<<<<

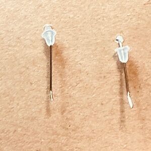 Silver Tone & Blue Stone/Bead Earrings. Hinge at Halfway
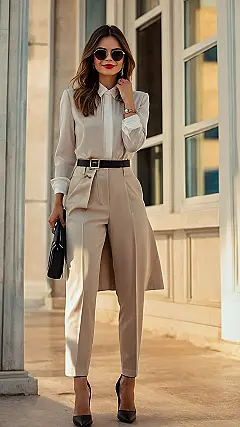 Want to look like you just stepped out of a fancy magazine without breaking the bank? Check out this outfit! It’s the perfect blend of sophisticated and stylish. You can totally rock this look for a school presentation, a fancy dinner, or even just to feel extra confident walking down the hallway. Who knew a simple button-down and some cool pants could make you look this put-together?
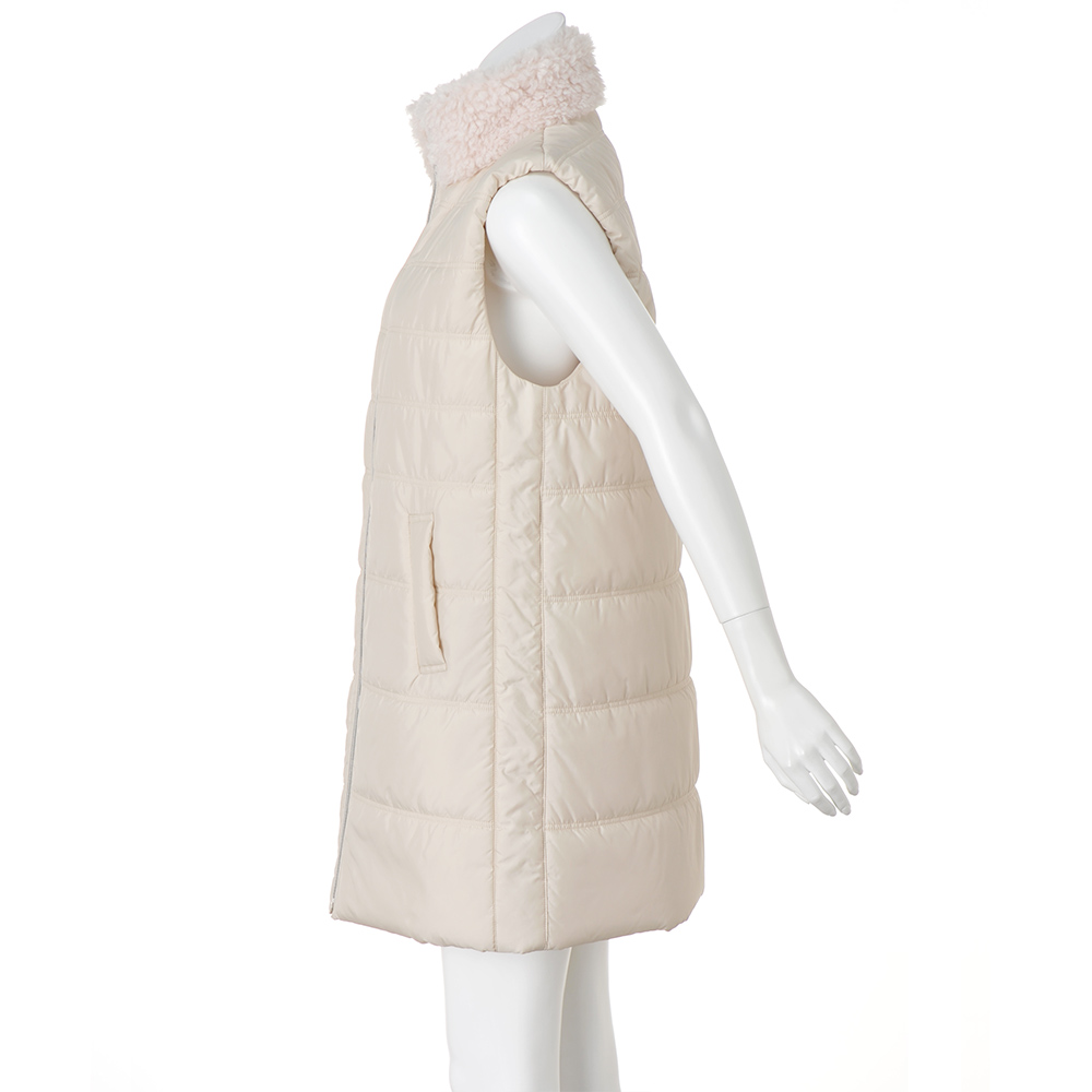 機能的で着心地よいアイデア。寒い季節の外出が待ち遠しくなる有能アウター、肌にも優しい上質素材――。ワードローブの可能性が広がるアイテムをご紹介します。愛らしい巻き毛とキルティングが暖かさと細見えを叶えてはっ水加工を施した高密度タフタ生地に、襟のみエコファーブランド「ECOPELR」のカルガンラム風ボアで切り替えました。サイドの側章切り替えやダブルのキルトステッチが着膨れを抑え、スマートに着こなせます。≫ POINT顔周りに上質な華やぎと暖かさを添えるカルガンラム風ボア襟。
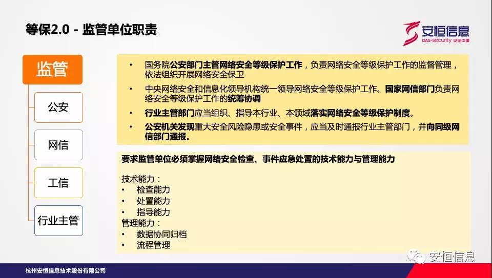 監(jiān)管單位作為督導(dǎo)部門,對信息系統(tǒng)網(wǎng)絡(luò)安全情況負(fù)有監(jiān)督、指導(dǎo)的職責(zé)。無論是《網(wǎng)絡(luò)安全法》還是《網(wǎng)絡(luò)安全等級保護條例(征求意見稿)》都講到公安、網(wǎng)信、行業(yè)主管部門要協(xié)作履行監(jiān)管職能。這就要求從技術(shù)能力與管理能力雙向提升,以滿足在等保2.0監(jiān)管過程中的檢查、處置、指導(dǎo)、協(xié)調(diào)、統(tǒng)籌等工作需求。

>>>>

Work required:
Reproduce the entire listing exactly, except for any pictures it contains.

Output for this exercise:
 Silver Tone & Blue Stone/Bead Earrings. Hinge at Halfway
 Want to look like you just stepped out of a fancy magazine without breaking the bank? Check out this outfit! It’s the perfect blend of sophisticated and stylish. You can totally rock this look for a school presentation, a fancy dinner, or even just to feel extra confident walking down the hallway. Who knew a simple button-down and some cool pants could make you look this put-together?
 機能的で着心地よいアイデア。寒い季節の外出が待ち遠しくなる有能アウター、肌にも優しい上質素材――。ワードローブの可能性が広がるアイテムをご紹介します。愛らしい巻き毛とキルティングが暖かさと細見えを叶えてはっ水加工を施した高密度タフタ生地に、襟のみエコファーブランド「ECOPELR」のカルガンラム風ボアで切り替えました。サイドの側章切り替えやダブルのキルトステッチが着膨れを抑え、スマートに着こなせます。≫ POINT顔周りに上質な華やぎと暖かさを添えるカルガンラム風ボア襟。
 監(jiān)管單位作為督導(dǎo)部門,對信息系統(tǒng)網(wǎng)絡(luò)安全情況負(fù)有監(jiān)督、指導(dǎo)的職責(zé)。無論是《網(wǎng)絡(luò)安全法》還是《網(wǎng)絡(luò)安全等級保護條例(征求意見稿)》都講到公安、網(wǎng)信、行業(yè)主管部門要協(xié)作履行監(jiān)管職能。這就要求從技術(shù)能力與管理能力雙向提升,以滿足在等保2.0監(jiān)管過程中的檢查、處置、指導(dǎo)、協(xié)調(diào)、統(tǒng)籌等工作需求。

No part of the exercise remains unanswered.